Remove the consolidate functionality introduced by the first PR. This avoids the memory regression we encountered.
Add the MzArranged wrapper to track trace usage. This resolves holding on to the trace, even in other situations than consolidate.
Move compaction, which should only be a cosmetic change.

uce · 2023-07-12T10:07:37Z

Great to see this back on track to main. 🎉

Did you have a chance to verify that the test cases we added to detect increased memory usage fail without your additional changes (bc0ae72, 5d4f5c8)?

vmarcos

The new approach looks reasonable to me, but I feel that the size and complexity of the change after revert/backport/revert rounds is making reviewing more difficult here (at least for me). For example, there is a change below regarding AHash that appears to have been necessary before, but is no longer now?

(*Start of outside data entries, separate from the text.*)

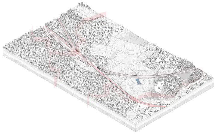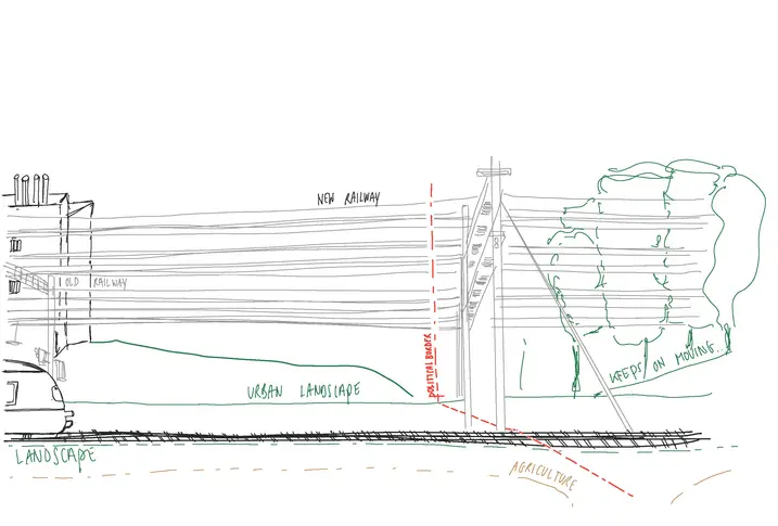 Infrastructure (railways, highways, airports) intersecting and transforming political and environmental border contexts, focusing on Zurich’s evolving border dynamics.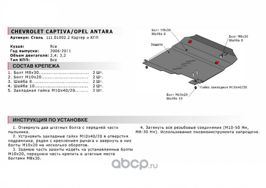 Защита картера и КПП Chevrolet, Opel Captiva, Antara крепеж в комплекте сталь 1.8 мм черный АвтоБроня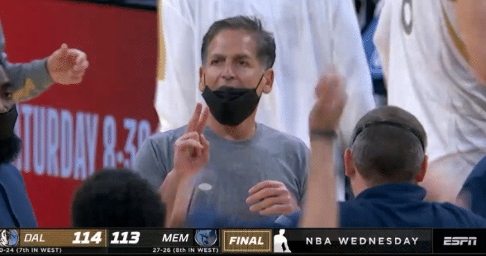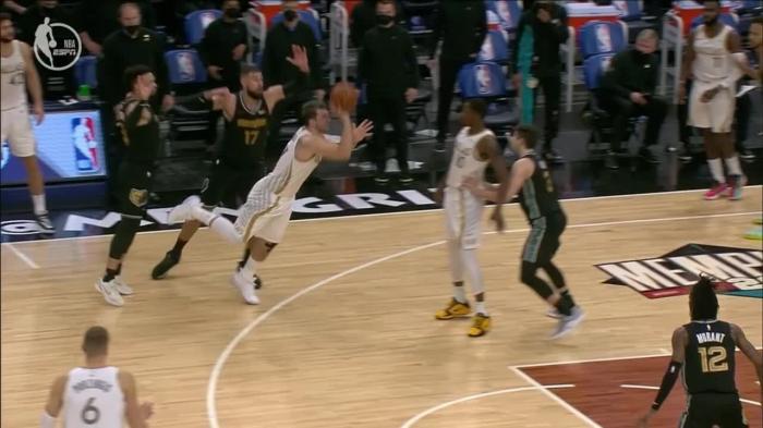本场比赛,东契奇上场34分钟,20投10中、三分10投3中轰下29分9助攻5篮板2抢断1盖帽,外线手感不佳,但终场前1.8秒,东契奇神奇压哨三分绝杀灰熊;绝杀后东契奇咧嘴大笑,高举双手庆祝胜利,当时库班伸出两根手指,愣神不知道是两分还是三分,裁判回放确定这是三分压哨绝杀。

Perhaps we should use complementary techniques to increase confidence in addition to reviewing. A few suggestions for your consideration of what is feasible:

It would be good to get a full run of the feature benchmark for this PR, now that it includes memory measurements.
It would also be interesting to see if this PR changes the results of testdrive: Check mz_arrangement_sharing #20180.
It would be good to run this change in staging with a large-ish workload (e.g., the TPC-H load generator with updates and all 22 queries maintained as indexed views) and contrast memory requirements for the same without this change.
Ask the QA team for what else they could throw at this.

src/compute/Cargo.toml

antiguru · 2023-07-12T13:52:37Z

Did you have a chance to verify that the test cases we added to detect increased memory usage fail without your additional changes (bc0ae72, 5d4f5c8)?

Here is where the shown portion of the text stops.